今まで家事や育児、そして仕事にと忙しくしていた女性が、突然時間に余裕ができたら困ってしまうのかもしれません。しかし夫にはまだ仕事があるため、夫婦でどこかへ行くことも限られます。そのため、夫への不満がたまってしまうのかもしれません。

「2人とも退職済み」の夫婦関係にも男女差が

夫婦いずれか、あるいは両方が退職している人に対して「働いていた時と比べて夫婦仲はどうですか?」との質問もしています。

ここでも、「働いていた時の方が仲良し」の回答がもっとも多かったのは、「相手のみ退職済み」の女性(20.7%)となっています。

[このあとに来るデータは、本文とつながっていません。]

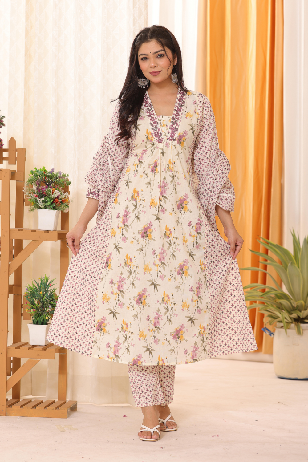 Step into effortless grace with this Pure Sanwadi Cotton suit set, designed for elegance and comfort. The soft cream base with delicate floral prints radiates sophistication, while the contrasting geometric-patterned dupatta and pants add a touch of modern charm. The flowy silhouette and intricate neckline detailing make this ensemble a must-have for every wardrobe.
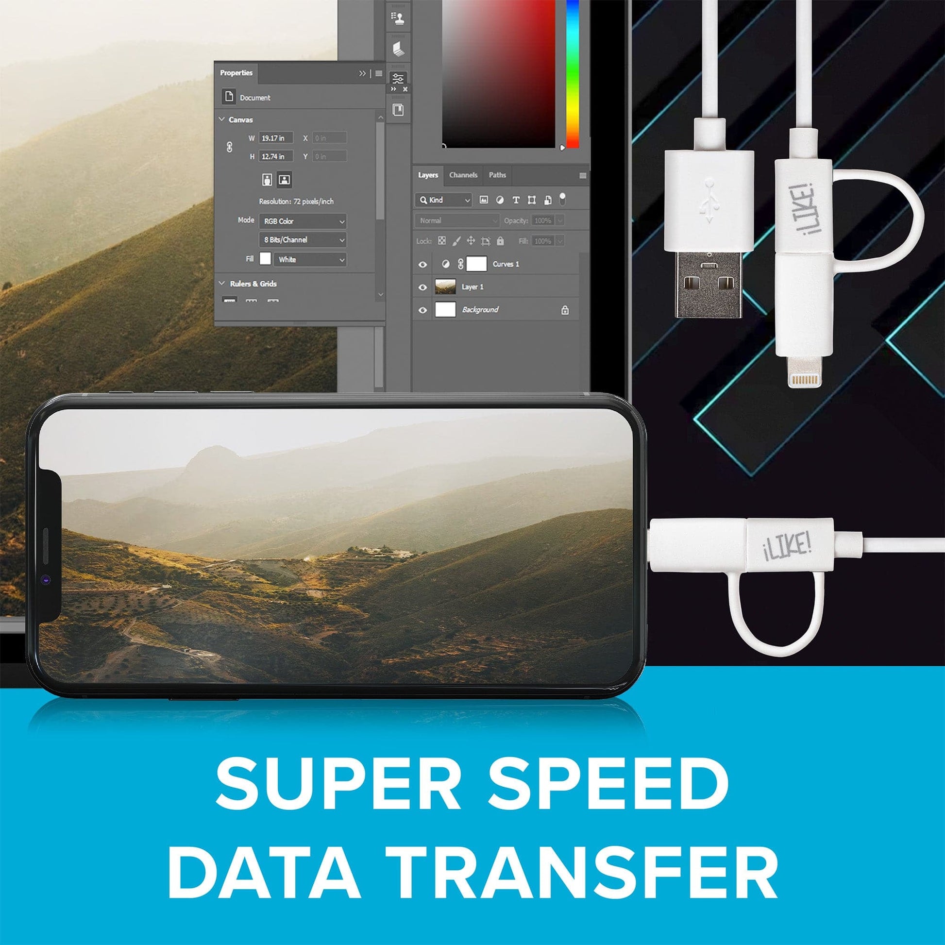 This extremely versatile Maplin USB-A to 2-in-1 Multi-Charging Lightning & Micro USB-B Cable has changeable connections, so you can use it for charging or data transfer. It is designed for use with Apple Lightning or micro USB devices – which would typically be portable devices such as smartphones or tablets. The Lightning connector is attached to the micro USB, meaning this cable can only be used with one device at a time.

しかし「2人とも退職済み」の女性においても、「働いていた時の方が仲良し」(12%)の方が多くなっています。「2人とも退職済み」の男性においては、「退職後の方が仲良し」の方が多く15.8%となっています。

「働いていた時の方が仲良し」と回答した人の理由に、
・「終日、顔を突き合わせているのが苦痛になる。お互いに遠慮が無くなり、言いたいことなど遠慮なく言いあう。相手を重んじることが少なくなる」(70代男性、2人とも退職済み)
という意見があり、男女ともに夫婦の時間が長すぎるのも考えものなのかもしれません。

再雇用も「卒婚」も1つの選択

老後2000万円問題もあり、老後資金に不安を覚えている方もいるでしょう。

厚生労働省が2018年に公開した『平成29年簡易生命表』によると、日本人の平均寿命は男性が81.09歳、女性が87.26歳で、過去最高を記録しています。

長い老後生活、夫婦だけで過ごすのではなく、「再雇用」も1つの選択肢となっています。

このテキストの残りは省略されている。